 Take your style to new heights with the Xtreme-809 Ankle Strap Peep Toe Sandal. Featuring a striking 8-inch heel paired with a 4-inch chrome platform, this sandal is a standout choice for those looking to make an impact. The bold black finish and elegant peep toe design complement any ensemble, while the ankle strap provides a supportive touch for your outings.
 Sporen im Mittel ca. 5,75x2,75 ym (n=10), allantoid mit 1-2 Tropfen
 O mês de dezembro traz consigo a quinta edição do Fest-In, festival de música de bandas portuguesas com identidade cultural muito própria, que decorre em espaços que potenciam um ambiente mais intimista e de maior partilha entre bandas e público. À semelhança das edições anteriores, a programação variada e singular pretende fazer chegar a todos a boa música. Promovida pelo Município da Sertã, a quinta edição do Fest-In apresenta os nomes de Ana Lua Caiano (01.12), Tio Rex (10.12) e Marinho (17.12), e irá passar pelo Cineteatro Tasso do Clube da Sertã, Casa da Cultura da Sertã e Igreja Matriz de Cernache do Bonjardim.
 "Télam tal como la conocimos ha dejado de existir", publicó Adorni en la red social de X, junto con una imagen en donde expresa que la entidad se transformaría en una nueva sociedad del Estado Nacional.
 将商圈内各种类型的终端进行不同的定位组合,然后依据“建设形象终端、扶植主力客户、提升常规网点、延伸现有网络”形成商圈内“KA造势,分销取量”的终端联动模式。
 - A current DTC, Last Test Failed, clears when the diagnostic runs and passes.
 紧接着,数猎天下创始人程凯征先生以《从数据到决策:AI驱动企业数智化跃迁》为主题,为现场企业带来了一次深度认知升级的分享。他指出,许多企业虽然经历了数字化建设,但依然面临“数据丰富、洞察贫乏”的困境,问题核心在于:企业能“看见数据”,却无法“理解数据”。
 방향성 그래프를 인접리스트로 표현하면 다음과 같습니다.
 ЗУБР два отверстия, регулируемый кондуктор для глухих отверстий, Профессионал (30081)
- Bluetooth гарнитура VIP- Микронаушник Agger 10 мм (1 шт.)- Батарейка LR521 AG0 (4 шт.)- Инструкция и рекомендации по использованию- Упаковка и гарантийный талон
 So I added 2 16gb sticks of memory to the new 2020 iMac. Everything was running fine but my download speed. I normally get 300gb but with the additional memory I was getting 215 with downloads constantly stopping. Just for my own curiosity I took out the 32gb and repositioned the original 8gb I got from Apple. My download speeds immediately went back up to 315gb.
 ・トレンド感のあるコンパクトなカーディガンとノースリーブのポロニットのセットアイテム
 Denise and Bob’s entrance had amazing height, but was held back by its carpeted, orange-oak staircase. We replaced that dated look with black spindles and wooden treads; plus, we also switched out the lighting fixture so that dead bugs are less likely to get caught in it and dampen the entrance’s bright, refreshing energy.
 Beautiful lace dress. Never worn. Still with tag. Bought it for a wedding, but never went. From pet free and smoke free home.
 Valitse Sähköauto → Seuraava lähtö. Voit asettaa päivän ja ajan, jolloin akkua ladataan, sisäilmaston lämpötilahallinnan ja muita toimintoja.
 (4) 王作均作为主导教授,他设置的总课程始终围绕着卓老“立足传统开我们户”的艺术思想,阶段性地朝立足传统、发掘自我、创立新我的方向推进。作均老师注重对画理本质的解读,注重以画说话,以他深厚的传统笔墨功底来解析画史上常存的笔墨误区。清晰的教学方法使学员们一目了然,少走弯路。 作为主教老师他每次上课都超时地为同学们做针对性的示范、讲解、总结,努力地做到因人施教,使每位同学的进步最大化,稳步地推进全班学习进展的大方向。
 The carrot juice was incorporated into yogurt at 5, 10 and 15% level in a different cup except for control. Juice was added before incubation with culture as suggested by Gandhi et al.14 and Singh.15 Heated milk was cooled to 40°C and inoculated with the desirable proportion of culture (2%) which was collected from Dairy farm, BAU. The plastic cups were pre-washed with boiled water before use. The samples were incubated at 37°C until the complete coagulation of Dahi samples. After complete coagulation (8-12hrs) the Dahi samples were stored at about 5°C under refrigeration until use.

**WHAT YOU SHOULD DO**
Copy the material above word for word, taking the first line, the line containing "将商圈内各种类型的终端进行不", and every line between them, and nothing else.

**RESPONSE AREA**
 Take your style to new heights with the Xtreme-809 Ankle Strap Peep Toe Sandal. Featuring a striking 8-inch heel paired with a 4-inch chrome platform, this sandal is a standout choice for those looking to make an impact. The bold black finish and elegant peep toe design complement any ensemble, while the ankle strap provides a supportive touch for your outings.
 Sporen im Mittel ca. 5,75x2,75 ym (n=10), allantoid mit 1-2 Tropfen
 O mês de dezembro traz consigo a quinta edição do Fest-In, festival de música de bandas portuguesas com identidade cultural muito própria, que decorre em espaços que potenciam um ambiente mais intimista e de maior partilha entre bandas e público. À semelhança das edições anteriores, a programação variada e singular pretende fazer chegar a todos a boa música. Promovida pelo Município da Sertã, a quinta edição do Fest-In apresenta os nomes de Ana Lua Caiano (01.12), Tio Rex (10.12) e Marinho (17.12), e irá passar pelo Cineteatro Tasso do Clube da Sertã, Casa da Cultura da Sertã e Igreja Matriz de Cernache do Bonjardim.
 "Télam tal como la conocimos ha dejado de existir", publicó Adorni en la red social de X, junto con una imagen en donde expresa que la entidad se transformaría en una nueva sociedad del Estado Nacional.
 将商圈内各种类型的终端进行不同的定位组合,然后依据“建设形象终端、扶植主力客户、提升常规网点、延伸现有网络”形成商圈内“KA造势,分销取量”的终端联动模式。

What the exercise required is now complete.